An image of a computer system during the cyber attack in June 2023
According to an official source within AIIMS, significant structural changes were made in the wake of the initial cyber attack incident in November, 2022. These changes included updating the hospital's software, update in the firewall's rules, enhancing cybersecurity measures, and strengthening the IT infrastructure. The efforts to fortify AIIMS cyber defenses evidently paid off, as they successfully prevented the malware attack (second cyber attack) on 6th of June.

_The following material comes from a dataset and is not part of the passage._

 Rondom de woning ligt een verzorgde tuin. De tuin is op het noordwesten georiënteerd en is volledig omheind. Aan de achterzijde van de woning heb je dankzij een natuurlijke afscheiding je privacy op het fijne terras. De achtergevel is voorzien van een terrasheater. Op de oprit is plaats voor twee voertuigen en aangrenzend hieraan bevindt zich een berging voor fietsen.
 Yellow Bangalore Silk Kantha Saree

A tweet from AIIMS Delhi's official X account confirming the successful prevention of the second cyber attack
Despite India's increasing focus on cybersecurity, the surge in cyberattacks, particularly in the healthcare sector, is alarming. The Indian healthcare industry, increasingly digitalized, especially post-COVID-19, has become a prime target for cyber threats. In 2021, India's healthcare sector accounted for 7.7% of global healthcare industry attacks and 29.7% in the Asia-Pacific region, as reported by Cloud SEK. The first four months of 2022 saw a 95.34% increase in attacks compared to the same period in 2021. The rise in data breaches and digital banking threats across various sectors highlights the vulnerabilities in India's cybersecurity domain. The frequency and scale of these attacks, including at least seven major incidents in critical infrastructure in the last two years, underline the urgent need for enhanced protection measures. According to CERT-IN's India Ransomware Report 2022, there has been a 51% increase in ransomware attacks, emphasizing the criticality of bolstering cybersecurity defenses across sectors.

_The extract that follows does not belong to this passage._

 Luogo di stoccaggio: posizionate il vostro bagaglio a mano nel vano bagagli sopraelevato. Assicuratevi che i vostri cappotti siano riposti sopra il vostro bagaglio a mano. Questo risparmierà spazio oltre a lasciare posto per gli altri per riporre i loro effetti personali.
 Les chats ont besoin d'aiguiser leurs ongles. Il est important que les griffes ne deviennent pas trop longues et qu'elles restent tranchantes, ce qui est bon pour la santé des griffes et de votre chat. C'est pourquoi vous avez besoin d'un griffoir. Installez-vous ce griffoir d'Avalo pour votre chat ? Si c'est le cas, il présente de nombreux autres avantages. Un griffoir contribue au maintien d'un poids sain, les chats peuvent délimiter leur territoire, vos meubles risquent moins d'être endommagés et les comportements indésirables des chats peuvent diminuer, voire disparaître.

The cyberattacks on AIIMS Delhi serve as a critical reminder of the ever-increasing cybersecurity threats in today's digital landscape, particularly for healthcare institutions. These incidents underscore the vital need for ongoing vigilance, regular security audits, and the implementation of robust cybersecurity protocols. Healthcare providers, in particular, must prioritize the security of their digital infrastructure to protect sensitive patient data and ensure continuous medical services. These events at AIIMS Delhi emphasize that cybersecurity is not a one-off task but an ongoing process that demands constant updates and improvements. In a time where digital data holds unprecedented value, the significance of conducting thorough security assessments, adhering to stringent security protocols, and taking proactive measures against cyber threats is more crucial than ever. These attacks also remind us that cybersecurity is a shared responsibility essential for preserving the integrity of our digital spaces. They further highlight that even well-defended institutions are vulnerable to cyber threats, stressing the importance of continuous monitoring and updating of cybersecurity measures. These incidents should motivate organizations to educate their staff about recognizing and proactively responding to potential cyber threats. The AIIMS Delhi cyber attacks act as an alarm for all organizations to prioritize cybersecurity, continuously assess vulnerabilities, and adopt a proactive approach to safeguard their digital infrastructures. Lastly, these attacks reflect the current inadequacies in protecting India's critical information infrastructure. Moving ahead, it's crucial to internalize the insights gained from these experiences, reinforcing our digital defenses and staying vigilant against the ever-evolving landscape of cyber threats. In doing so, we can ensure the safety and integrity of our digital spaces, protecting them against the unforeseen challenges of tomorrow.